Anderson "The Spider" Silva weaved a wicked web for over eight years and 16 consecutive victories, but at UFC 162, Chris Weidman landed a clean left hook that unraveled the whole damn thing. 

Trust me, the sport of mixed martial arts is all the better for it.

The speakers at the MGM Grand Garden Arena blared Silva's signature "Ain't No Sunshine" as the middleweight tyrant approached the Octagon—there was seemingly no reason to think that Silva wouldn't walk away with his 11th consecutive title defense successfully completed. This was, after all, the man who had redefined the assumed potential for a cage fighter.

But in the end, Chris Weidman came through on his promises

Though he stood directly opposed to the greatest fighter alive, the young contender won the opening round and vanquished the champion in the second frame. It wasn't an accident—Weidman capitalized on Silva's showboating with a beautifully timed combination that sent Silva's body crashing to the canvas. 

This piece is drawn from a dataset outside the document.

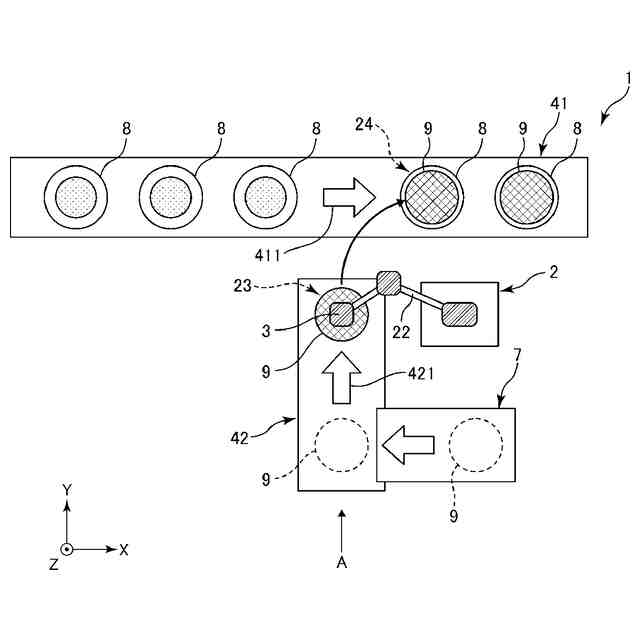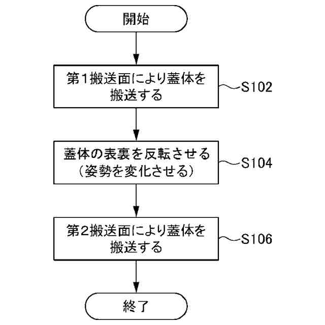 食品等を収容した収容体に、蓋体を被せて閉める蓋閉め作業においては、ストックされた蓋体を供給する際に、蓋体の表裏の反転が必要になる場合がある。しかしながら、蓋体の表裏を反転させるために、リンク機構のような複雑な機構が必要となりうる。このため、簡易な構成で蓋体の反転を行い得る装置の実現が求められている。

For the briefest moment, time crawled to a halt.

In the ensuing aftermath, the air was filled with a mix of pandemonium, shock and disbelief. 

Silva struggled to make sense of the emotions associated with his first loss in nearly a decade, whereas UFC President Dana White became irate at the hushed whispers of a fixed fight. Meanwhile, fans were left in a state of daze, confused as to the greater significance of the indomitable Silva's defeat in such a dramatic fashion.

Superfight dreams were dashed at the very instant that gold was wrapped around Weidman's waist—the new champion really shook up both middleweight rankings and the pound-for-pound list. Silva, after years of unstoppable devastation, was mortal once again.

But it's always darkest before the dawn.

In the week and a half since the upset, the MMA world has collectively recomposed itself and considered all the angles. The changes were unexpected and chaotic but they've also served to breathe fresh air into the sport at large. Silva was the head patriarch at 185 for so long that many struggled to imagine how he could ever be replaced on the middleweight throne.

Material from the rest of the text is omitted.